Petit Basset Griffon Vendéen

The Life of Animals | Petit Basset Griffon Vendéen | PBGVs are extroverted, friendly, and independent hounds. Sometimes Called the "happy breed," PBGVs have tirelessly wagging tails and expressive, intelligent eyes. PBGVs are typically active and lively. The PBGV standard states That the dog should "give voice Freely" - as is typical of hounds, petits are outspoken dogs. If Their 'pack' begins Howling or singing, the dogs Will joins in, with amusing results. That PBGV companions report sleeping dogs have been known to Awaken and Howl along with favorite songs.

The PBGV is not a quiet dog. The outspoken nature of a PBGV varies from dog to dog, but even the shyest Petit Will greet other dogs with a bark or call. PBGVs are excellent hunting and tracking dogs. Petits WHO's work in this manner do not hunt to kill. Skilled hunting dogs work well with other dogs in the pack, alerting the pack to the presence of a rabbit, or to a rabbit in motion down a trail. "Saber tails," another PBGV nickname, are typically white at the tip of the tail, so the tail is easily Identified by a hunter above the bramble and brush.

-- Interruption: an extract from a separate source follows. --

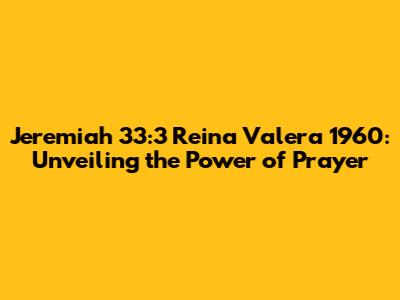 Hey guys! Have you ever stumbled upon a Bible verse that just sticks with you? For many, Jeremiah 33:3 in the Reina Valera 1960 version is one of those verses. It’s a powerful call to prayer, promising incredible revelations from God. Let's dive deep into this verse, break it down, and see how it applies to our lives today. We'll explore its historical context, unpack its meaning, and discover practical ways to integrate it into our daily walk with God.

As a companion animal, this occasionally pronounced hunting instinct may manifest in the home as a dog That Gives chase to birds, squirrel, and cats. Potential PBGV owners are cautioned to be aware of this instinct and, if cats are present in the home, work to acclimate the puppy or dog to Recognize That the cat is part of the home "pack." As scent hounds, most PBGVs Should Be Kept on-leash when in open outdoor areas.  Scent Will typically trump obedience in the mind of a PBGV.

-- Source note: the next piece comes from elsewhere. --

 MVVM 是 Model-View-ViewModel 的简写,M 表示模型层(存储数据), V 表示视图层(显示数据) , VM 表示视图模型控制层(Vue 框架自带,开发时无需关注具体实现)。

The outspoken nature and erect tail of a PBGV can be misinterpreted by other dogs, as these manners typically express dominance to other dogs. PBGVs can inspire a misguided need to express dominance on the part of passing dogs. The UK Kennel Club conducted a health survey of Basset Griffon Vendeens (both Petit and Grand varieties combined) in 2004. The Petit Basset Griffon Vendeen (PBGV) Club of America has conducted two health surveys, one in 1994 and one in 2000. To keep the coat well groomed it must be stripped.